I have been trying to get my code for this project working for the last few days and have tried multiple different solutions that should work, but are not working and I am currently at a loss right now.

Here is the code that I currently am using, and what I am trying to do is to remove the "L1," "L2," and so on from an input .TXT or .CSV whichever is being sent in to our servers and run that input file through this script and the L1, L2, would be removed on the output file that we would then use.

Or if there is a better way of removing those characters directly before the print statement of the output file, that would work as well.

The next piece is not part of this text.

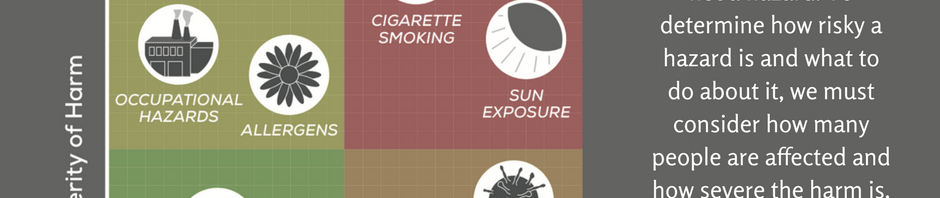 We have a tendency to selectively pay attention to certain hazards. We also tend to consider all hazards we pay attention to as equally risky and all risks as equally harmful. However, hazards can affect different numbers of people (depending on exposure level, genetics, and a variety of other factors) and have very different severity of harm (from temporary skin irritation to death). The simplified graph below provides a general framework for thinking about hazards. Hazards are binary; they either are or are not a hazard. To determine how risky a hazard is and what to do about it, we must consider how many people are affected and how severe the harm is.
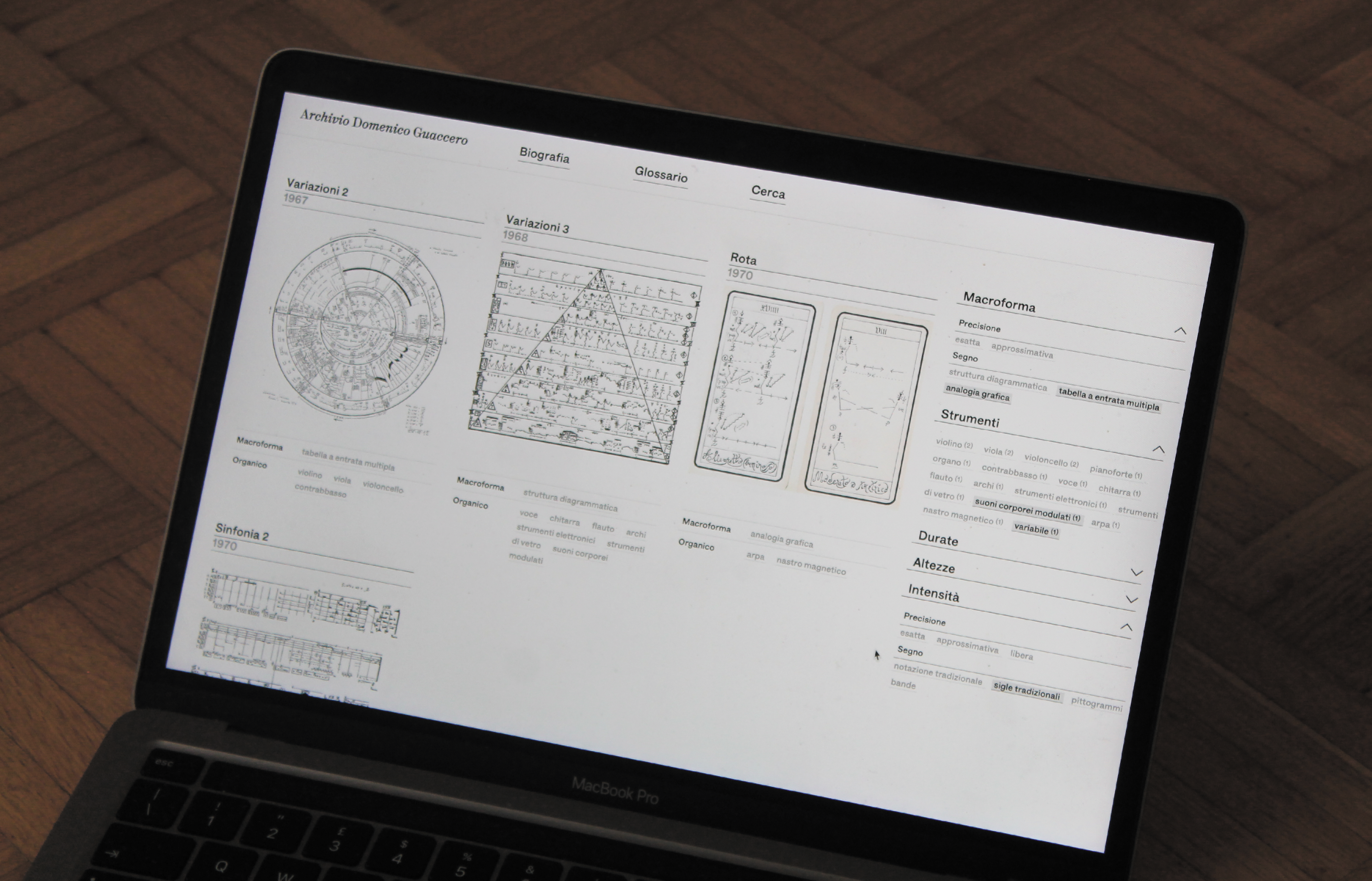 The project aims to map the de characteristics of twentieth-century music graphic scores so as to design a digital archive to accommodate them. To do this, the work of Domenico Guaccero, an Apulian musician active between the 1960s and 1980s, was taken as a sample. After a theoretical analysis based mainly on the framework developed by Andrea Valle in his La notazione musicale contemporanea (2002), the data acquired from these scores were put into logical form. For the production of the prototype, the state of the art of archives in the cultural field, and specifically music, was analyzed, thus designing an architecture in line with the Italian REICAT cataloging rules, combined with the graphic score analysis categories developed by Kurt Stone in 1980. The result is an archive model that is heterarchical and scalable to graphic scores in general, a working and implementable prototype of which is presented with this thesis.

Sample File of the output file currently

L1,830 HORIZON PKG RELEASE
L2,
L3,PURPOSE:,00,RELEASE #,746962464,SCHEDULE TYPE:,PR,
L4,SCH QTY TYPE:,A,
L5,
L6,HORIZON START:,20140915
L7,END:,20150913
L8,GENERATION DATE:,20140915
L9,
L10,SHIP TO NAME:,,
L16,SHIP TO CODE:,US08,
L15,
DETAIL,BUYERS PART #,QUANTITY,FCST TYPE,FCST TIMING,DATE,   
DETAIL,1070954,6000,PLANNING(D),DISCREET(D),20140925SMS,10,
DETAIL,1070954,10000,PLANNING(D),DISCREET(D),20140926SMS,10,
[download]

The code currently being used at this moment is the following:

#!/usr/bin/perl -w

# txtRemoval.pl --in=%in% --out=%out%

use strict;
use warnings;
use Text::CSV;

#my ( $infile, $outfile) = @ARGV;
use Getopt::Long;
my @ARGS;
my $wholefile = @ARGS;

my $csv = Text::CSV->new() or die "Can't use CSV: ".Text::CSV->error_d
+iag();
## options
my $opt = {};
GetOptions ($opt,
    'in=s',
    'out=s',
);

## make sure we have the right options
unless ( defined($opt->{'in'}) and defined($opt->{'out'}) ) {
    die "Usage: $0 --in=INFILE.TXT --out=OUTFILE.TXT\n";
}

## open file handles
open INFILE, $opt->{'in'} or die "Cannot open input file: $!";
open OUTFILE, '>', $opt->{'out'} or die "Cannot open output file: $!";

#my @elements = ["L1,", "L2,", "L3,", "L4,", "L5,", "L6,", "L7,", "L8,
+", "L9,", "L10,", "L11,", "L12,", "L14,", "L15,", "L16,", "DETAIL,", 
+"SPACE,", "SUMMARY,"]

my @file = <INFILE>;
my $reg = s/[^,]*\.(\S*)//;
while (my $line = <INFILE>){
    chomp $line;
    my $wholefile = $line.$_ foreach(@file);
    print OUTFILE $wholefile;
    }

## spit out entire file
#print OUTFILE $wholefile;

## close file handles
close OUTFILE;
[download]

Here is one other snippet of the code that I have tried, all the other portions of the code is the same

while (my $wholefile = <INFILE>){
    my $reg = s/.*?,//;
    my $wholefile = $wholefile.$reg;
    }

## spit out entire file
print OUTFILE $wholefile;
[download]

This is what the output file is supposed to look like

830 HORIZON PKG RELEASE

PURPOSE:,00,RELEASE #,746962464,SCHEDULE TYPE:,PR,
SCH QTY TYPE:,A,

HORIZON START:,20140915
END:,20150913
GENERATION DATE:,20140915

SHIP TO NAME:,,
SHIP TO CODE:,US08,

BUYERS PART #,QUANTITY,FCST TYPE,FCST TIMING,DATE,   
1070954,6000,PLANNING(D),DISCREET(D),20140925SMS,10,
1070954,10000,PLANNING(D),DISCREET(D),20140926SMS,10,
[download]

I want to thank you in advance for your help on this and I have a feeling that I have just been overthinking the whole thing and that most of you will probably just laugh at me over missing something simple, but I have been beating my head over this for too long at this point so I figure it is best to finally get some help.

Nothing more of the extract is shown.